How does directory access/permissions work on omv smb shares ?

  • System info



    Hi


    I have an external usb drive formatted with fat32 for which I have created an smb share, with a view to being able to access from windows and linux.


    From a linux system I mount the drive with a command like:

    Code
    sudo mount -v -t cifs -o vers=3.0,user=<username> //<omvipaddress>/transcendroot /mnt/transcend


    All seems to work except I am having problems with permissions and am strugging to understand how the access works.


    I notice that with fat32 the 'user' is always root (presumably because fat32 does not support user permissions). As such when ever I copy or create directories on the disk from a linux machine I must use sudo and the resultant files/directories are all root.

    Also, however, the permissions on the files/directories are all drwxr-xr-x (even if I create a directopry owned as root and chmoded to 777 on the linux box before copying). Attempting to change the permissions in a 'nix way by using chown has no effect.

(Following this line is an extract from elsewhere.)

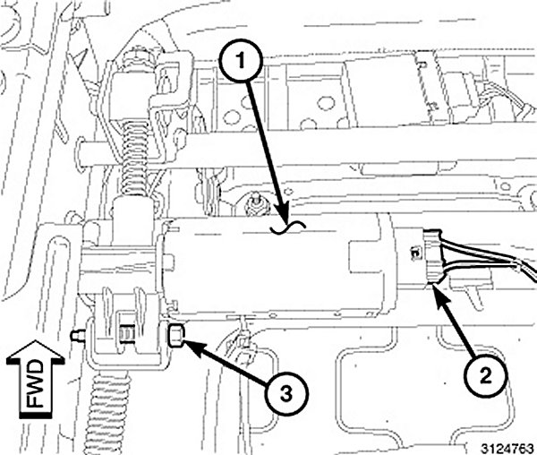 3. Position the front tilt power seat motor (1) to the bracket and install the retaining bolt (3). Tighten the bolt to 5 Nm (44 inch lbs).

    This means I am unable to cretate directories with write access for a user. I have set the smb shared folder permissions for <username> to be read/write. but this does not seem to make any difference.


    Does anyone know what is happening as regards permissions/access here ?

    Does anyone know how I can set things up so a directory has write access for all users on an smb share ?

    Do I have to set some special settings in smb to get (non-root) writable directories ?

    • Official Post

    I have an external usb drive formatted with fat32 for which I have created an smb share, with a view to being able to access from windows and linux.

    fat32 is a format for Microsoft file systems. It is not linux and does not support linux permissions. You can use it for backups but nothing else.

    A data drive to create shared folders in OMV must use a native Linux file system. EXT4, BTRFS, ...

    You won't be able to solve those problems any other way.

  • Ok. Thank you for your reply.


    I thought I might at least beable to get things such that I can access as root, but that reply sounds pretty definitive.


    I'll reformat to ext4. I assume this does not prevent me from using smb file sharing ?

  • Ok. Thank you for your reply.


    I thought I might at least beable to get things such that I can access as root, but that reply sounds pretty definitive.


    I'll reformat to ext4. I assume this does not prevent me from using smb file sharing ?

    non-linux file systems don't support linux permissions, and a server expects to be in full control of it's storage, which it can't do if it can't deal with permissions.


    samba when implementd on linux acts as a middle man between the server's linux file system and the windows/mac/bsd/linux client, and translates the access requests and permissions.


    The storage needs to be in a format that the servers uses, not a format the client uses.